LG in Haiphong, Vietnam
Der Energieberater der Aktion Deutschland lernt Energie sparen legte viel Wert auf die Feststellung, dass aus vielen eingesparten Kleinbeiträgen am Ende des Jahres ein großer Betrag wird. Bei meinem Interview, dass ich mit Heinz-Dieter Speidel, Techn. Product Manager ISP bei LG Electronics Deutschland GmbH, geführt habe, hatte mich interessiert, ob Heimanwender bei einem Monitor für den Einsatz am PC andere Anforderungen an Energiespareffekte stellen, als z.B. ein Unternehmen bei einem Großbildmonitor für die Werbung. Schließlich ist die Monitorpalette bei LG sehr weit gefasst, sie umfasst Bildschirmdiagonalen von 17″ bis zu 52″ für die unterschiedlichsten Anwendungsbereiche. Nicht unerwartet stellte Herr Speidel zunächst die Unterschiede heraus:
Hier sehe ich zwei ganz unterschiedliche Sichtweisen. Großunternehmen, die Tausende von Monitoren im Einsatz haben, nehmen aus Kostengründen den Energieverbrauch der Geräte viel sensibler wahr, als ein Heimanwender. Bei den Unternehmen wird durch den Einsatz energieeffizienter Geräte eine Menge an Stromkosten gespart, auch und speziell bei Großbildmonitoren.

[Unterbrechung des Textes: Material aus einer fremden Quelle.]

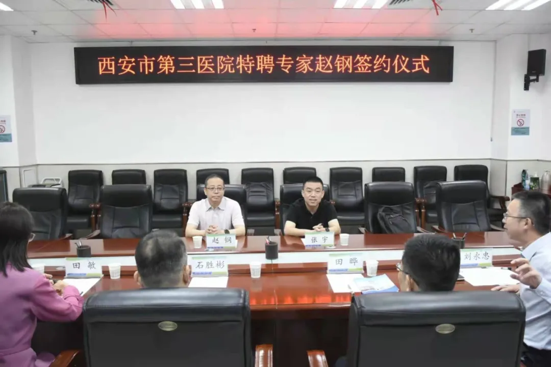 为提高附属医院医疗服务水平,提升神经内科科室竞争力,9月1日,银河集团官网附属医院•西安市第三医院举行特聘教授签约仪式,引进全国著名神经内科专家、银河集团官网经理兼神经病学系主任赵钢教授。银河集团官网书记张宇,附属医院经理田晔、党委书记石胜彬、副经理刘永忠、纪委书记田敏、总会计师欧丹等班子成员、行政部、医教部、人事科、医务科及临床科室负责人常明则主任、刘霞护长、杨柳护长出席了签约仪式。签约仪式由常明则主任主持。
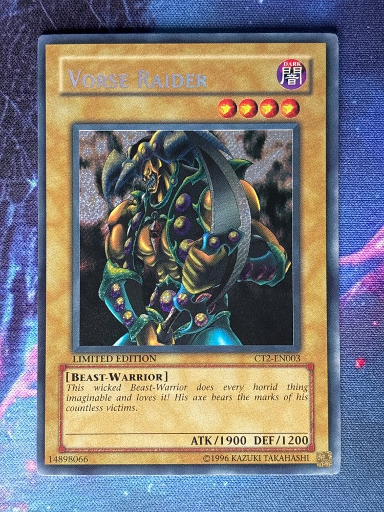 Vintage Vorse Raider - 2005 Empty Collectible Tin and includes the promo card. Can be displayed in a collection or used to store cards. See photos for condition, the tin has some light scratches but otherwise in great shape. Additional photos available upon request. Limited Edition Secret Rare - Vorse Raider - CT2-EN003 in Light Play condition. Front is great, some light scratches / scuffing on the back. Also, very light edgewear in a couple spots. Would look great in a binder. Please check out my other listings including other Collectible Tin bundles! The tin and cards will be shipped securely in a box with bubble wrap support. Combined shipping discounts are available if you purchase multiple listings. Due to the looming Canada Post strike, letter mail and all CP shipping options will be unavailable. All orders will be shipped with tracking via the cheapest alternative carrier and any savings from the flat fee will be refunded. I appreciate your understanding during this uncertain situation. All U.S. / International orders will continue to use calculated shipping and will include tracking.

Sieht man sich dagegen die Energiebilanz eines Privathaushaltes an, wo vielleicht ein bis zwei Geräte stehen, dann sieht die Sache auf den ersten Blick anders aus. Hier spielt der Monitor im Vergleich zu anderen Haushaltsgeräten eine eher untergeordnete Rolle, da er auch nicht 24 Stunden am Tag genutzt wird.

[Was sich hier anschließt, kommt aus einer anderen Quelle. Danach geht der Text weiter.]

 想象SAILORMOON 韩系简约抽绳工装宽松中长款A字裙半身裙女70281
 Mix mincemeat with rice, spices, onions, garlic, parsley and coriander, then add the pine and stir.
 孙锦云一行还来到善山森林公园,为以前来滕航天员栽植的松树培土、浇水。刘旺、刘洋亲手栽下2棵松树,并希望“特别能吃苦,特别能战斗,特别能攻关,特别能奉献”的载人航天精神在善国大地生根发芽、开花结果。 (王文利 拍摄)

Wir waren aber einer Meinung, dass neben dem Kostenfaktor, der natürlich bei Großunternehmen und auch in Haushalten in unterschiedlichem Maße eine wichtige Rolle spielt, der schonende Umgang mit den Ressourcen ebenfalls ein Antrieb zum Energie sparen ist. Der erreichte absolute Betrag tritt dabei sogar in den Hintergrund – nur aus vielen Steinchen kann ein großer Berg werden.